Ancak Sovyetler ordusu 9 Mayıs’ta İran topraklarından çekilince İran ordusu bunu fırsat bilerek ve emperyalist devletlerinde destek ve teşvikiyle önce İran’da 1945 yılında kurulan Azerbaycan Sovyet Cumhuriyeti’ne saldırıp hükümeti düşürdü, yöneticileri öldürdü ve Mahabad’a yöneldi.
Bunun üzerine Qazi Muhemmed, şehri işgale gelen İran ordusu ve aşiretlerin niyetinin şehri talan etmek ve halka zarar vermek olduğunu düşünerek askerlerin geri döndürülmesi karşılığında kendisinin teslim olacağını belirtti. Molla Mustafa Barzani’nin direnme istek ve çağrısına rağmen Qazi Muhammed halkın kırımını ve şehirlerin talanını önlemek adına teslim olmayı tercih etti.
Askerlerin geri gönderilmesi ve Qazi Muhammed’in teslim olması ile İran ordusu 17 Ocak 1946 günü Mahabad’ı işgal etti. Molla Mustafa Barzani ise teslim olamaya karşı çıkarak 500 silahlı gerilla gücünü toplayarak direne direne Mahabad’dan ayrılarak Sovyetler Birliği’ne göç etti. Sovyetler Birliği’nde kaldıkları süre içinde her tür ihtiyaçları karşılandı.

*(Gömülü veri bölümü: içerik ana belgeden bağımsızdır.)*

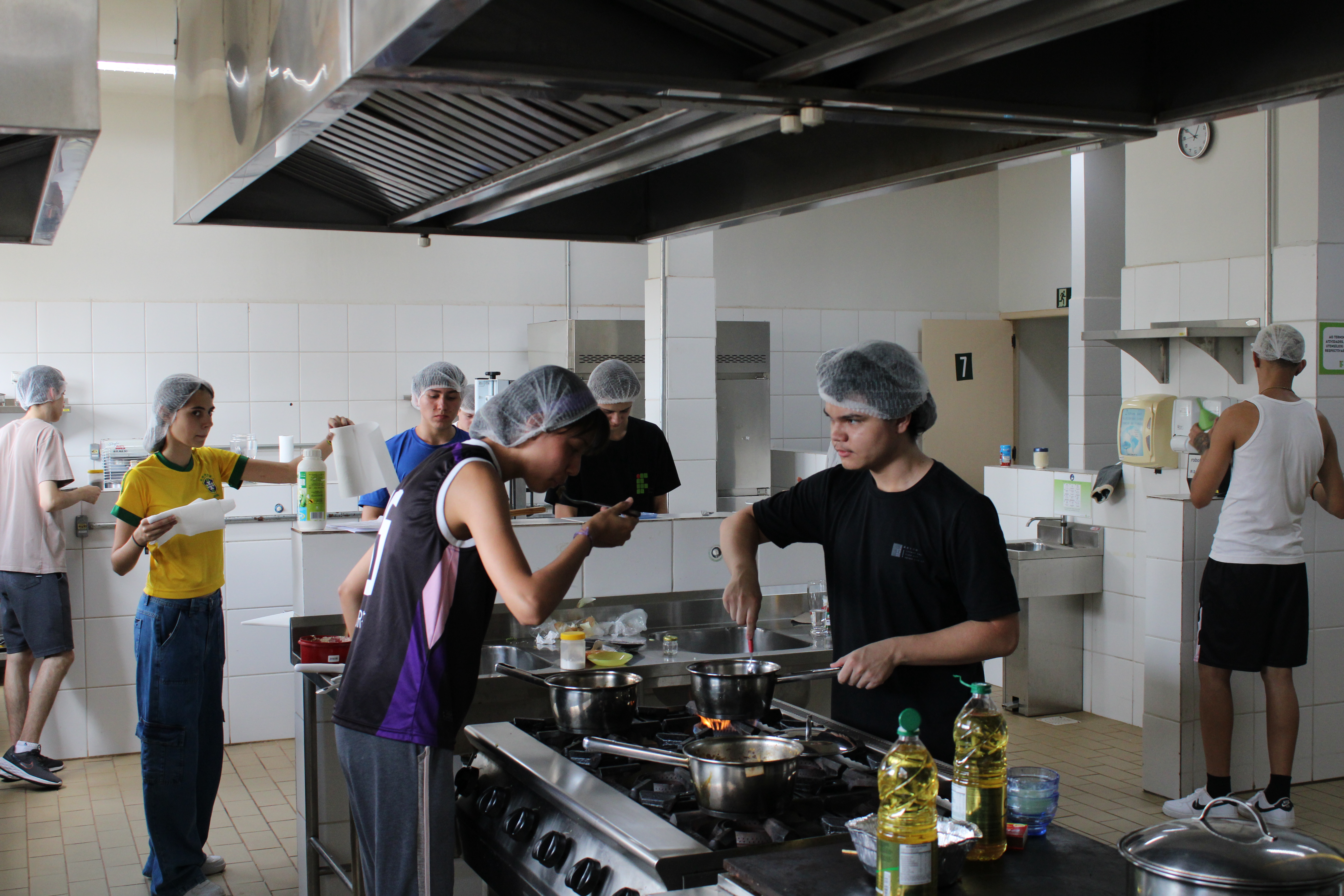 Muitos dos estudantes nunca haviam tido contato com um laboratório de Gastronomia ou mesmo com os utensílios e equipamentos profissionais de uma cozinha. Por isso, a participação da professora Juliana Félix, do curso de Gastronomia, foi essencial para o bom andamento da atividade. Coube a ela supervisionar o manuseio correto dos materiais, orientar sobre segurança alimentar e garantir que cada grupo pudesse executar suas receitas com autonomia — mas também com responsabilidade.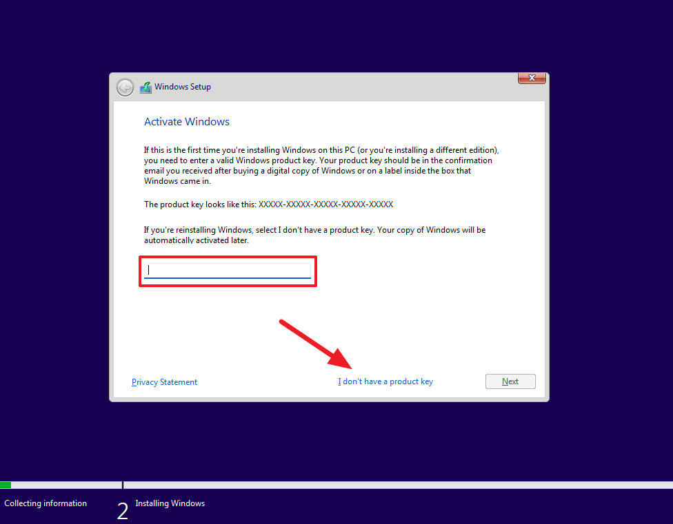 Step 5: If prompted, enter your product key. If you don't have one, click 'I don't have a product key' to proceed.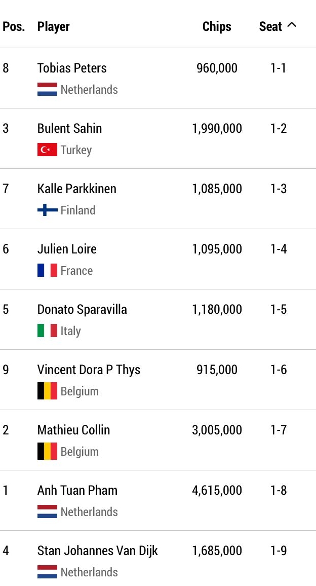 Mathieu Collin et Stan van Dijk ont arrondi leur total avec quelques belles primes mais sont dehors... Julien Loire est lui sorti sur un badbeat !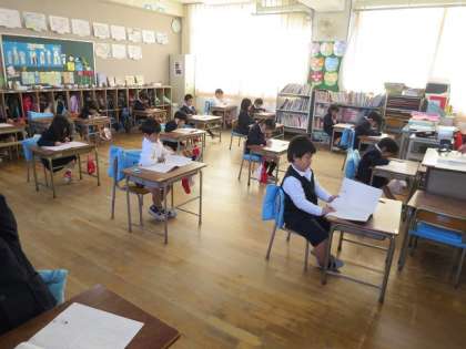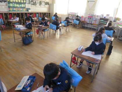 1・2年生は、国語の標準学力調査を行いました。国語では、CDによる聞きとりテストもありました。冊子になった問題を読み返しながらがんばっていました。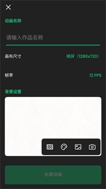 2、选择画布尺寸和帧数后点击创建动画;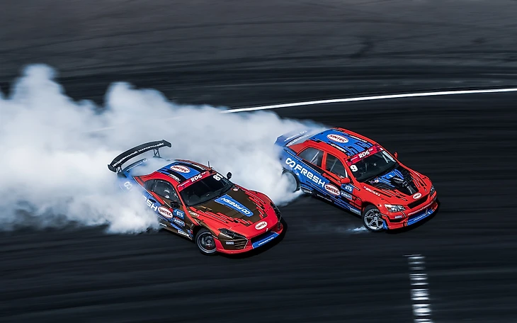 Парные заезды – это основная часть соревнования. В ней участвуют только пилоты, прошедшие квалификацию. Для каждой пары спортсменов проводится хит (серия из двух заездов): сначала один пилот едет в роли лидера, а второй его преследует; затем во втором заезде они меняются ролями. Задача лидера – проехать четко по квалификационному заданию, но не мешать преследователю. Преследователь же должен синхронно повторять движения и траекторию лидера, находясь как можно ближе к нему, но не обгоняя его. Обгоны в дрифте запрещены.

Qazi Muhammed, yaklaşık üç aylık bir tutukluluk sürecinin ardından, 31 Mart 1947 günü, Başbakan Hacı Baba Şeyh ve Savunma Bakanı Muhammed Hüseyin Han Seyfi ile birlikte cumhuriyetin kurulduğu yer olan Çarçıra Meydanı’nda asılarak idam edildi.
1947 yılında 31 Mart sabahı Qazi Muhammed, Sadri ve Seyfi Qazi hapishaneden alınarak Mahabad’daki Çarçıra Meydanı‘na getirildiler. Qazi Muhammed vasiyetini yazmak için getirilen Molla Sadık’a, “Yaz, milletim bilsin ki, son nefesime kadar milletimin vefakar evladıyım” dedi. Kürtlere bir de vasiyetini yazarak bıraktı.
Rus devlet arşivlerinde Qazi Muhammed’in mahkemedeki tutumuna ilişkin: “Başı dik, korkusuz ve cesurdu. Pişmanlık duymadı ve başını eğmedi. Mahkeme başkanı dış güçlerin kışkırtmasından söz edince hiddetlenerek, ‘Siz gerçekleri anlamıyorsunuz. Kürdistan’a demokrasiyi getirmek çabası benimle başladı. Yabancı bir güç beni buna zorlamadı. Bu konuda çalışmalarımda halkımdan cesaret aldım. Halkıma baskı yapmayı bırakın, bana istediğinizi yapabilirsiniz. İran devleti anayasayı ayaklar altına aldığında Kürtler silahlandı ve başkaldırdılar” diye yazıyor.
Bugün 31 Mart. 1946 yılında kurulan Mahabat Kürt Cumhuriyet’inin ilk ve son başkanı Qazi Muhammed ve arkadaşlarının Mahabad’da Çarçıra Meydanı’nda asıldığı gün. Mahabad Kürt Cumhuriyeti tarihte 11 ay yaşadı. İran sömürgeci rejimi tarafından yıkıldı.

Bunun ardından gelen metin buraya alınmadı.